In the Old Testament reading, Jeremiah's oracle promises a Messiah, a just shoot from the royal line of David who will do what is right and just in the land. His rule will bring safety and security for Judah and Jerusalem. The land will be renamed: "The Lord our justice.” “I will raise up for David a just shoot;/ he shall do what is right and just in the land./ In those days Judah shall be safe/ and Jerusalem shall dwell secure;/ this is what they shall call her: ‘The Lord our justice.’”
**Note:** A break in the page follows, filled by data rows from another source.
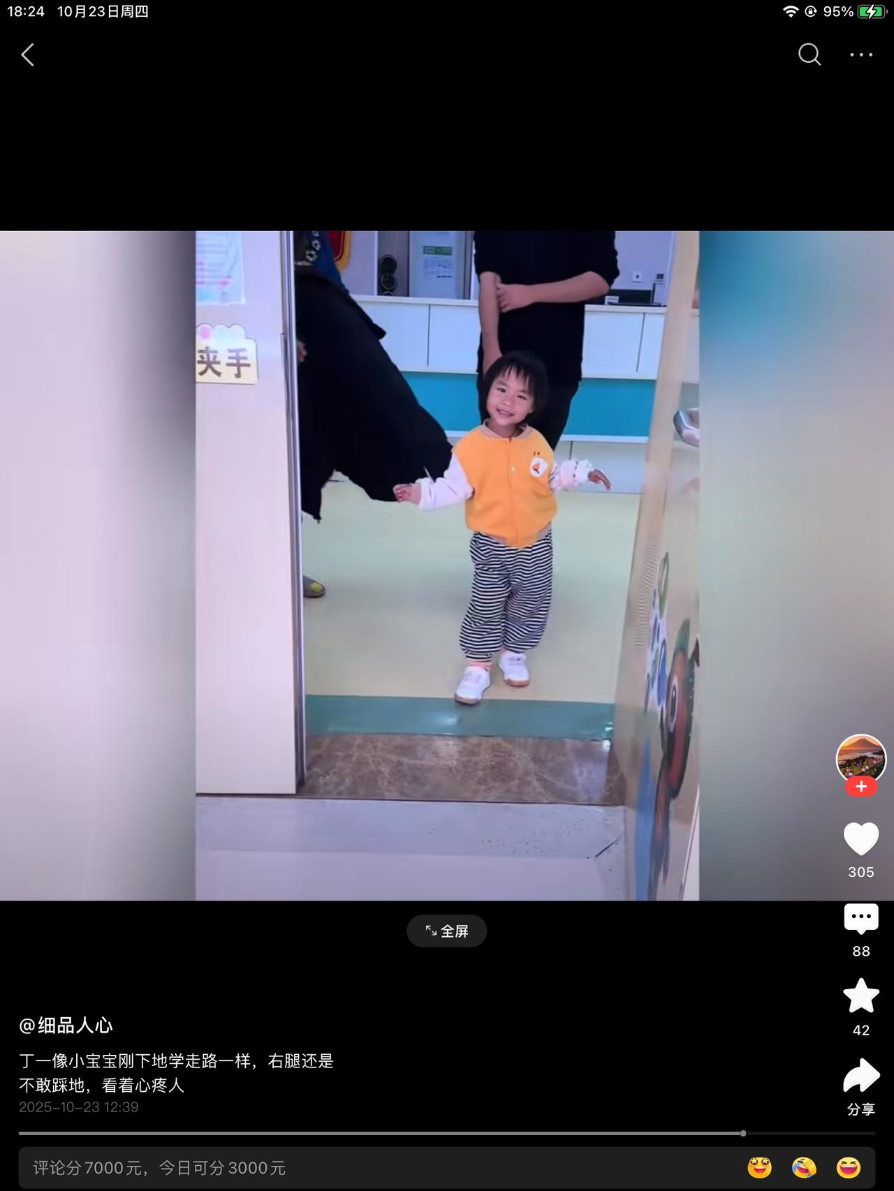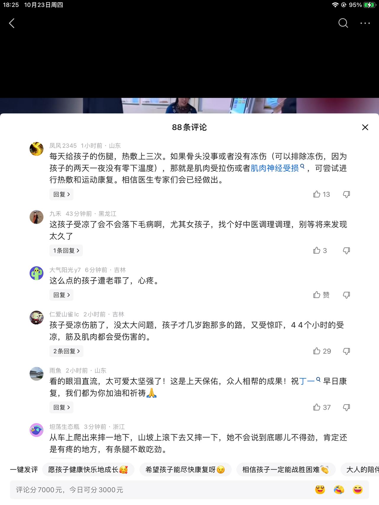 丁一小朋友开始下地走路了,看着好像是右腿,不太敢落地。还好,应该经过治疗和康复以后,慢慢会好起来。这孩子命大。两夜一天,孩子也没吃东西,在那么冷的室外独自生存。 不可谓不是个奇迹。福大命大,以后的福气更大。评论区有说孩子冻着筋了,44小时受凉,筋和肌肉都会不同程度的受伤。这个说法我同意。 还有说热敷的,我觉得不靠谱。有没有中 医生出来说说的,到底咋样才好,才是对的。以前冻伤的都拿雪搓。有没有知道的?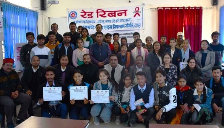 नरेन्द्र नगरI धर्मानंद उनियाल राजकीय महाविद्यालय मे विश्व एड्स दिवस के अवसर पर राष्ट्रीय सेवा योजना/रेड रिबन क्लब और जिला विधिक सेवा प्राधिकरण टिहरी गढ़वाल के संयुक्त तत्वधान मे एक विचार गोष्ठी का आयोजन किया गयाI कार्यक्रम का शुभारंभ अध्यक्ष तहसील विधिक सेवा प्राधिकरण शम्भू नाथ सिंह सेठवाल, जेo एमo नरेन्द्रनगर के प्रतिनिधि के रूप मे उपस्थित पैनल लॉयर, डीएलएसए जगवीर राणा, सचिव, तहसील विधिक सेवा प्राधिकरण एवं तहसीलदार नरेन्द्रनगर अयोध्या प्रसाद उनियाल, श्री देव सुमन राजकीय चिकित्सालय नरेंद्रनगर की डॉo दीपाली एवं प्राचार्य प्रो. राजेश कुमार उभान ने माँ सरस्वती के चित्र पर पुष्प अर्पित और दीप प्रज्वलन के साथ कियाI
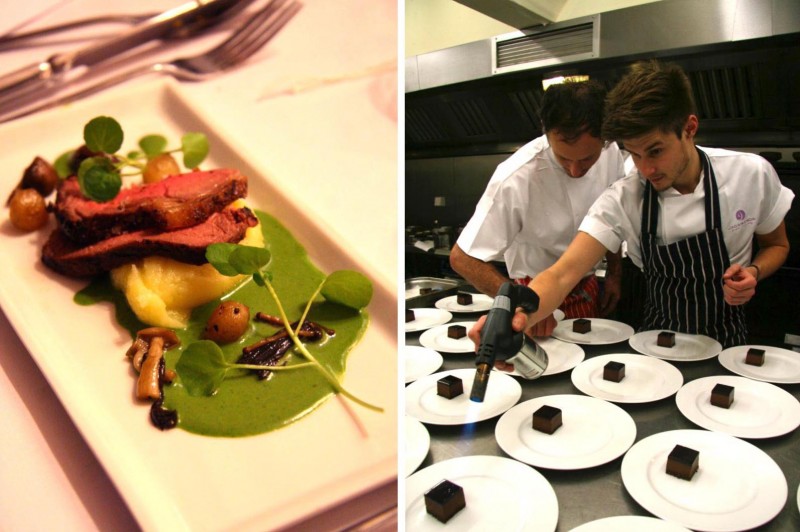‘Sirloin of beef’ – Cooked over charcoal with, caramelised baby onions mushrooms & watercress sauce;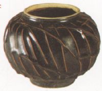直口,球腹,圈足?谘叵轮粮瓜虏匡椂臈l突起的縱向右斜扉棱,又有七條斜棱輿之相交。白胎,施黑釉。扉棱釉較薄,呈黃褐色。罐內(nèi)蕩釉,口沿和器底露胎。

Jeremiah spoke this prophecy in the darkest hours of Judah's history. Its recent kings had been corrupt and ineffectual, and now Jerusalem is under siege from Babylonian armies and is about to be destroyed, along with the Temple. The prophet himself is imprisoned for warning of these disasters (see Jeremiah 32‑33). Despite the bleakness of Judah's hopes, he boldly proclaims the nation will be reborn after its destruction and exile. He even enacts this hope in symbol by buying a plot of land that he had the right to purchase in the tribal system of family land inheritance in order to say to discouraged in Judah: "homes and fields and vineyards shall again be bought in this land" (Jer 32:15).
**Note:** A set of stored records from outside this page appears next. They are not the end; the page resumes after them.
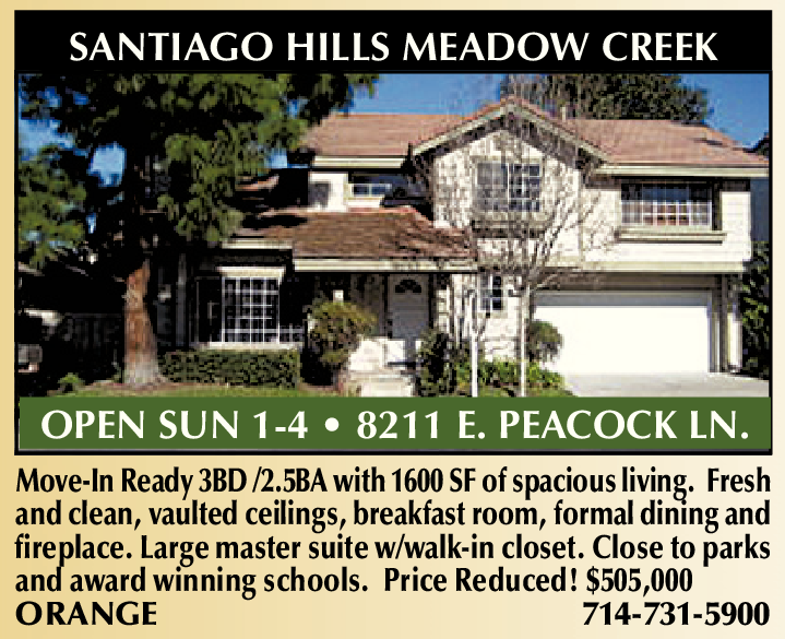 OPEN SUN 1-4 • 8211 E. PEACOCK LN. Move-In Ready 3BD /2.5BA with 1600 SF of spacious living. Fresh and clean, vaulted ceilings, breakfast room, formal dining and fireplace. Large master suite w/walk-in closet. Close to parks and award winning schools. Price Reduced! $505,000 ORANGE 714-731-5900 SANTIAGO HILLS MEADOW CREEK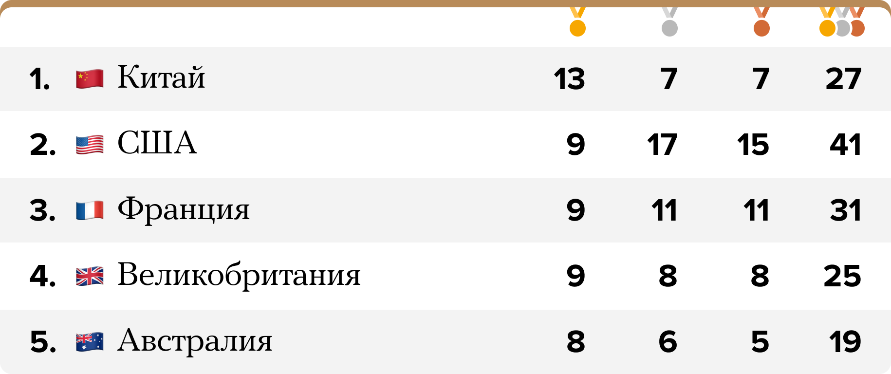 Китай продолжает лидировать в медальном зачете — 2 августа к 11 наградам высшего достоинства добавились еще две, в бадминтоне и прыжках в воду. США благодаря трем золотым медалям, выигранным в вечернюю сессию 1 августа, впервые с начала турнира поднялись на второе место. У россиян все еще ни одной медали. Данные в таблице приведены по состоянию на 19:30 мск 2 августа.
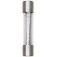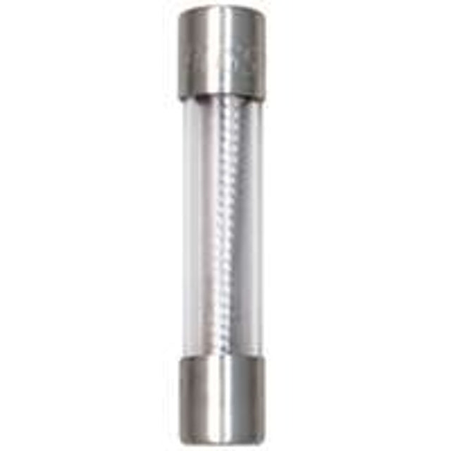 Glass tube. Plated brass end caps. 1/4 in x 1-1/4 in. 250 VAC rating maximum. UL listed.

In the reading from Paul's First Letter to the Thessalonians, the apostle prays that this struggling young Christian community will endure in faith by living a life of love for one another, as it awaits "the coming of our Lord Jesus with all his holy ones." Paul is trying to correct two extremes in the Thessalonian community. Some are living morally irresponsible lives by indulging "lustful passion as do the Gentiles who do not know God" (1 Thess 4:4). Others have neglected the needs of the poor and their daily duties of supporting themselves, because they believe that Jesus' triumphant return in glory is near (see 1 Thess 4:9‑12). Paul exhorts both groups to conduct themselves "in a way pleasing to God" (1 Thess 4:1).
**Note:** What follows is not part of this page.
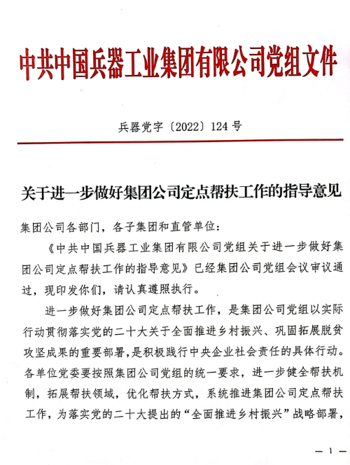 2022年,根據(jù)《中共中央 國務(wù)院關(guān)于實現(xiàn)鞏固拓展脫貧攻堅成果同鄉(xiāng)村振興有效銜接的意見》《關(guān)于堅持做好中央單位定點幫扶工作的意見》等規(guī)定,兵器工業(yè)集團黨組制訂印發(fā)《關(guān)于進一步做好集團公司定點幫扶工作的指導(dǎo)意見》,形成“1+8+5”兵器特色定點幫扶工作體系?!?”,即圍繞“助力全面推進鄉(xiāng)村振興、建設(shè)宜居宜業(yè)和美鄉(xiāng)村”定點幫扶要求,“8”,即“加強系統(tǒng)策劃、完善幫扶長效機制,發(fā)揮比較優(yōu)勢、助力鄉(xiāng)村產(chǎn)業(yè)振興,增強內(nèi)生動力、助力鄉(xiāng)村人才振興,培育文明新風(fēng)、助力鄉(xiāng)村文化振興,踐行‘兩山’理論、助力鄉(xiāng)村生態(tài)振興,加強基層黨建、助力鄉(xiāng)村組織振興,鞏固脫貧成果、加大消費幫扶力度,選派掛職干部、立足鄉(xiāng)村建功立業(yè)”等八項重點任務(wù),“5”,即加強組織領(lǐng)導(dǎo)、落實幫扶資金、做好宣傳引導(dǎo)、增進工作交流、強化考核評價等五方面工作保障。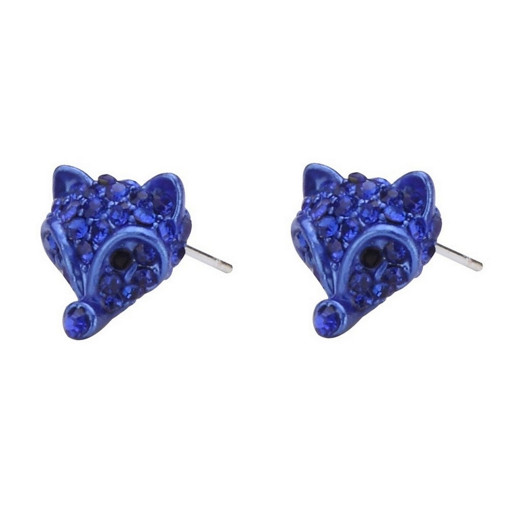 Stud earring crystal glass fox head 12mm dark blue

The Gospel reading for the First Sunday of Advent always picks up the themes of the last Sundays of the previous church year by speaking of Jesus' second coming to complete God's kingdom. During this year's C cycle of readings, we will be reading Luke's Gospel, and so this Sunday presents us with Jesus' apocalyptic discourse from the end of Luke.
Luke's version of Jesus' warnings about the apparent terrors of the apocalypse is consoling, rather than frightening. He assures the disciples: “When these things (the signs of the end time) begin to happen, stand up straight and raise your heads, for your ransom is near at hand.” Only if the community lapses into a life of indulgence, drunkenness and worldly cares will the day come upon it “like a trap.” If the disciples live watchful and prayerful lives, they will have the strength ‘to stand secure before the Son of Man’ (Lk 21:36). “Be on guard lest your spirits become bloated with indulgence and drunkenness and worldly cares. The great day will suddenly close in on you like a trap. . . .Pray constantly for the strength to escape whatever is in prospect, and to stand secure before the Son of Man.”